Materials and Methods

[0081] For the purpose of the present disclosure, following raw material grades were procured commercially: TSR20 - Standard Thailand Rubber - 20, Styrene Butadiene Rubber, peptizer-2, 2'-dibenzamido diphenyldisulfide (DBDD), Carbon black Grades - N330, N339(HAF) and light naphthenic oil of code 388B. Internal mixer used is Kobe make BB430.

[0082] Mooney viscosity and Mooney scorch properties of rubber mixtures were measured using an Alpha Technologies MV2000 Mooney viscometer according to ASTM D 1646-04 method.

[0083] Cure properties were measured with an Alpha Technologies MDR / PREMIER RPA rheometer at 150°C, 0.5° arc and 1.67 Hz according to ASTM D-5289. The shore A hardness rubber samples were measured according to ASTM-D2240-03. The tensile properties of rubber samples were measured according to ASTM D412. The samples were cured in the hydraulic rubber curing press and tested under different ageing conditions according to ASTM D 2229-02 method.

Single stage mixing process of rubber components of the present disclosure.

[0084] The process of single stage mixing of rubber components of the present disclosure comprised a) mixing at least one polymer, a peptizer, a soft carbon black and at least one first additive sequentially in an internal mixer to obtain a first mixture; b) contacting the first mixture with a cold oil to obtain a second mixture; and c) kneading the second mixture with at least one second additive to obtain a final rubber mixture. Table 1 illustrates the critical parameters employed in the internal mixer during addition of various rubber components.

Table 1 [0085] Table 1 shows the sequential addition of rubber components in single stage mixing process of the present disclosure. About 50 to 100 phr of block natural rubber and styrene butadiene rubber was mixed with 0.01 to 1.0 phr of the peptizer, 20 to 60 phr of N-330 and 0.5 to 65 phr of first additives consisting of fillers, activators, antioxidants, adhesion promoters, coupling agent at a temperature in the range of 70 to 100°C under a pressure of 1 to 15MPa and at a speed 45 to 65 rpm to obtain the first mixture. Then cold light naphthenic oil of about 5 to 20 phr stored at a temperature of 30 to 40°C was contacted with the first mixture at a temperature in the range of 80 to 120°C under a pressure of 1 to 15MPa and at a speed 35 to 65 rpm to obtain the second mixture. Further to the second mixture, 0.1 to 15phr of second additives consisting of crosslinking agents, accelerators, retarders were kneaded at a temperature in the range of 100 to 120°C under a pressure of 1 to 15MPa and at a speed 5 to 50 rpm to obtain the final rubber mixture which can be analysed for its physical, mechanical, rheological properties and mooney viscosity.
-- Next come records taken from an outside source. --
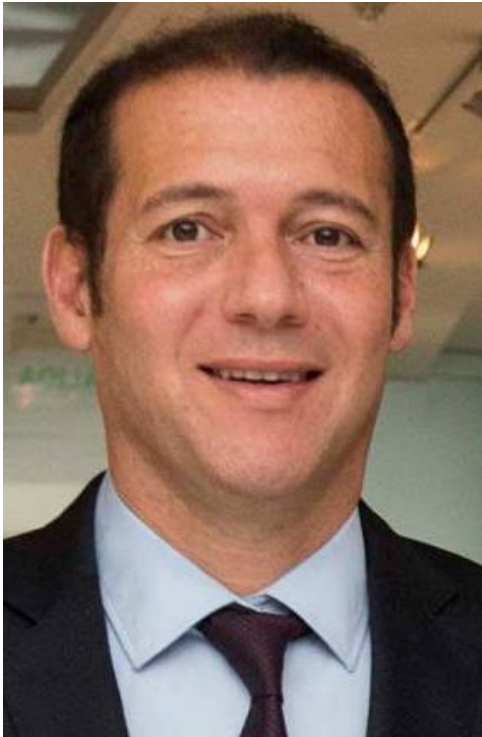
Gobernador actual: Omar Gutiérrez (Movimiento Popular Neuquino)
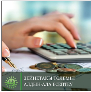
ЗЕЙНЕТАҚЫ ТӨЛЕМІН АЛДЫН-АЛА ЕСЕПТЕУ

Барлық сұрақтар бойынша әлеуметтік және зейнетақы мәселелері бойынша 1414 Бірыңғай байланыс орталығына хабарласуға болады.
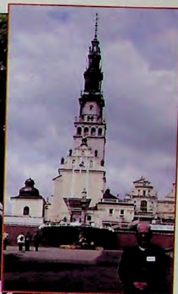
A cheshchuhovai záradok templom

Május 29-án a varsói Pilsudski téren bemutatott ünnepi szentmisén XVI. Benedek pápa párhuzamba állította a két nagy főpap, Wyszynski bíboros és II. János Pál alakját. Nemesak ugyanaz a hit, remény és szeretet fűzte őket egybe, hanem ugyanazok a történelmi események kapesolták egybe őket hazájuk történelmével. A hit ajándék és ugyanakkor feladat is: mint az Istenre és emberre vonatkozó igazság megvallása – mondotta a pápa. – Ma is sokan vannak, akik félretéve az évszázados hagyományt, meg akarják hamisítani Krisztus igejét, és az evangéliumot meg akarják fosztani az
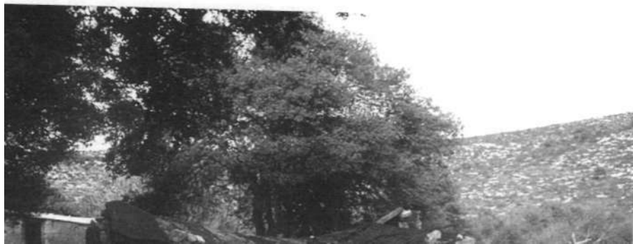
6. Παλαιά καλύβα, σε μαντρί.
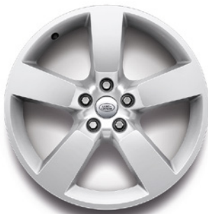
20", VZOR 5098 2.4 , LESKLÉ STRIEBORNÉ
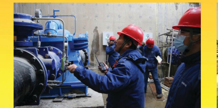
马城水厂取水泵房调试通水
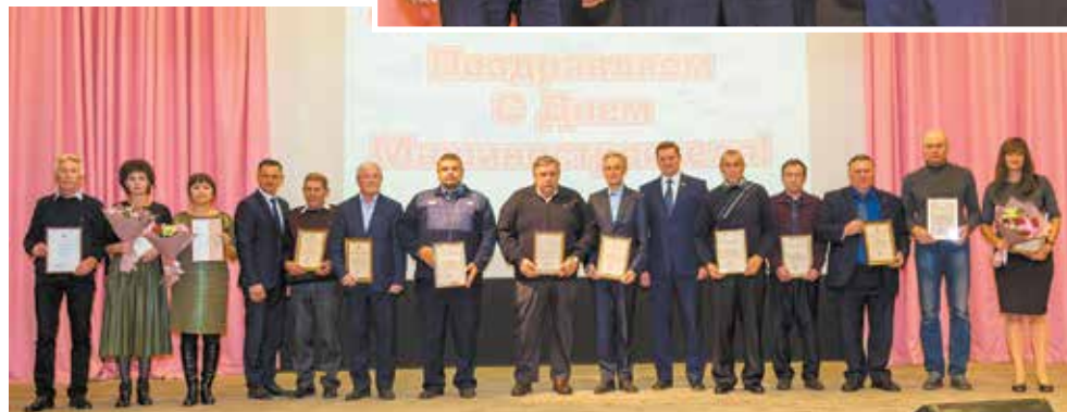
В 2021 году награждено более 100 дизелистов
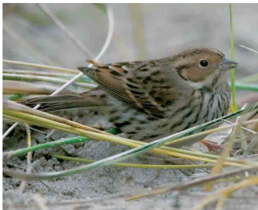
550 Kleine Klapekster / Lesser Grey Shrike Lanius minor , Grote Vlak, Texel, Noord-Holland, 5 oktober 2005 551 Aziatische Roodborsttapuit / Siberian Stonechat Saxicola maurus , eerstejaars, Westduinpark, Den Haag, Zuid-Holland, 26 oktober 2005 552 Bosgors / Rustic Bunting Emberiza rustica , Vlieland, Friesland, 16 oktober 2005 553 Dwerggors / Little Bunting Emberiza pusilla , Vlieland, Friesland, oktober 2005

schaars met begin oktober drie en na 21 oktober 15 meldingen. Van de 39 gemelde Kleinste Jagers Stercorarius longicaudus vlogen er 19 langs tussen 28 september en 2 oktober. In het binnenland was er een waarneming bij Zwolle op 17 september. Op 29 september werden langs Terschelling 91 Grote Jagers S skua geteld en op 23 oktober langs Westkapelle 60 Middelste Jagers S pomarinus . Slechts 30 Vorkstaartmeeuwen Larus sabini werden opgemerkt, waarvan 15 tussen 28 september en 2 oktober. Van 18 september tot 1 oktober liet een juveniel exemplaar zich mooi bekijken op een akker bij Westkapelle. Op 29 september vloog er één langs Lelystad, Flevoland, en op 16 oktober één langs de Ketelbrug. De Ringsnavelmeeuw L delawarensis van Tiel, Gelderland, liet zich daar weer bekijken van 17 september tot 14 oktober. De subadulte Grote Burgemeester L hyperboreus werd de gehele periode gezien bij Katwijk aan Zee, Zuid-
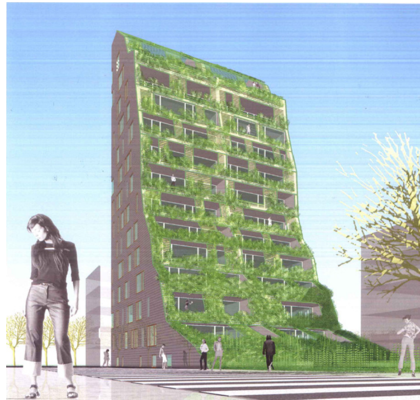
Amager Strand. 500 lejligheder
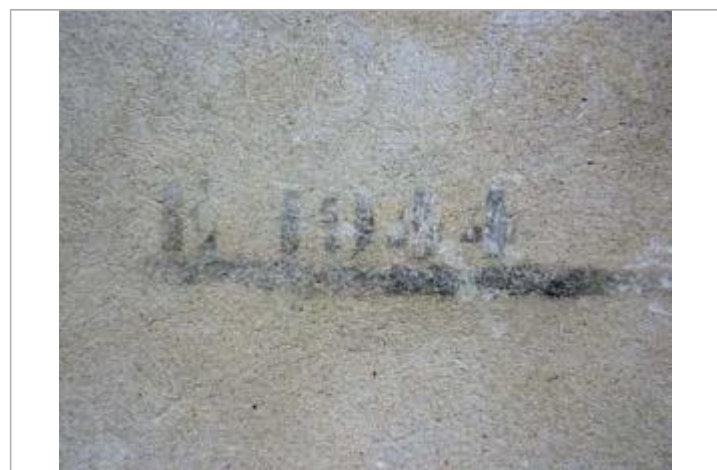
Photo du repère
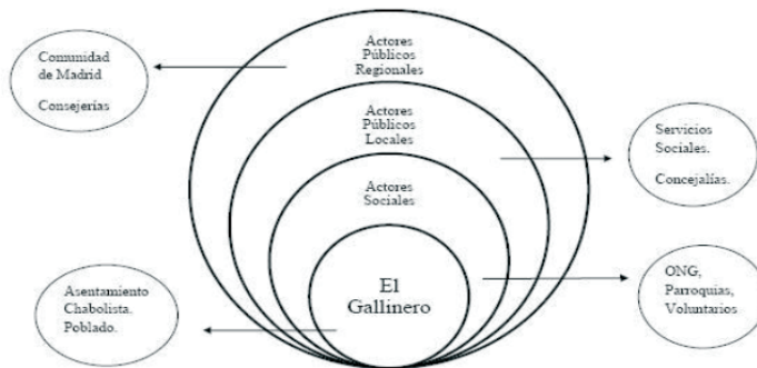
Figura 1: Actores en El Gallinero
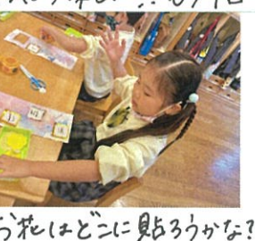
お花はどこに見ようかな??
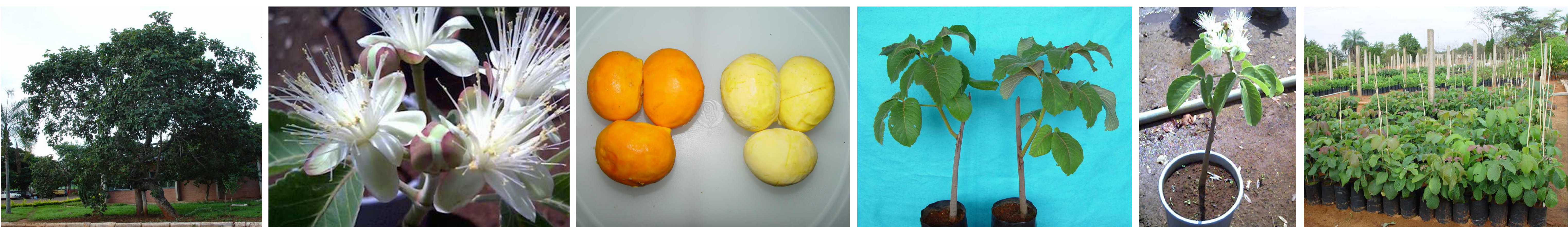
Figura 1. Fotos da matriz de pequi Embrapa Restaurante, flores e frutos do pequi, mudas obtidas via enxertia e viveiro de mudas da Embrapa Cerrados.

Os marcadores RAPD gerados foram convertidos em uma matriz de dados binários, a partir da qual foram estimadas distâncias genéticas entre as matrizes, com base no complemento do coeficiente de similaridade de Nei e Li, utilizando-se o Programa Genes (Cruz, 1997). A matriz de distâncias genéticas foi utilizada para realizar a análise de agrupamento por métodos hierárquicos utilizando como critério o método do UPGMA ( Unweighted Pair Group Method with Arithmetic Mean ) com auxílio do Programa Statistica (Statsoft Inc., 1999).
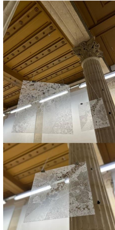
Fenêtres Gravures sur plexiglas 50x50 cm 2023
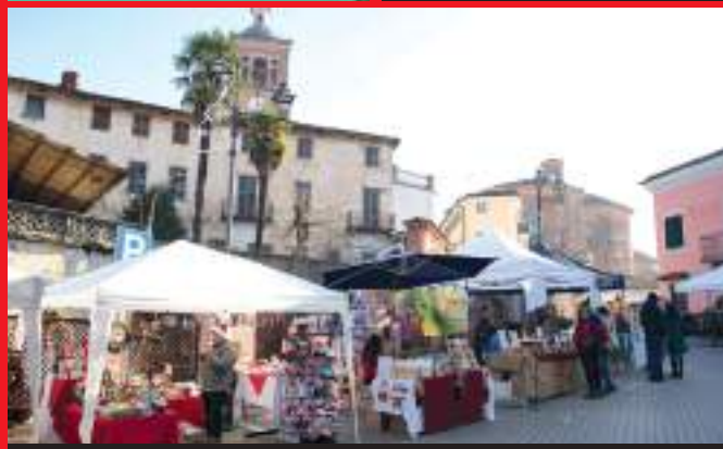
P.zza IV Novembre accoglie i visitatori
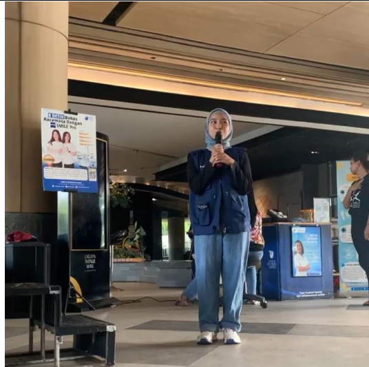
Pengenalan SMILE Pro singkat kepada peserta

[0086] Table 2 shows the actual working of single stage mixing process of rubber components. Table 2 shows the process parameters such as time, temperature power and energy maintained at every sequential addition of the rubber components. The Table 2 further describes the rotor mixing speed and the pressure maintained throughout the mixing process. In the actual process, 70 phr of block natural rubber and 30phr of styrene butadiene rubber was mixed with 0.15 phr of 2,2'-dibenzamido diphenyldisulfide (DBDD) at a temperature of 77.2°C under a ram cylinder pressure of IMPa and at a speed of 46 rpm. Mooney viscosity of the polymer was 62.2 and was found to be in the preferable range of 50 to 80. Subsequently, the ram cylinder of internal mixer was kept down wherein the pressure was at 2 MPa and at a speed of 57 rpm. The internal mixer comprising the rubber and the peptizer was then maintained at temperature of 78.1°C with a pressure of 2 MPa and at a speed of 59 rpm followed by bringing up the ram cylinder and at temperature of 93 °C with a pressure of 11 MPa and at a speed of 60 rpm. Further into the internal mixer about 45 phr of N330 carbon black was added at temperature of 95.8 C with a pressure of 8 MPa and at a speed of 56 rpm, then the ram cylinder was brought down allowing the mixture to be at a temperature of 90°C with a pressure of 2 MPa and at a speed of 50 rpm. This was then followed by addition of 3.5 phr of zinc oxide, 1.2 phr of stearic acid, l.Ophr of TMQ, 1.0 of hydrocarbon resin, 0.9 phr of resorcinol formaldehyde resin and 0.75 phr of phenol formaldehyde at temperature of 84°C with a pressure of 9 MPa and at a speed of 49 rpm. Again, the ram down was done, and the first mixture was obtained which was at a temperature of 120°C.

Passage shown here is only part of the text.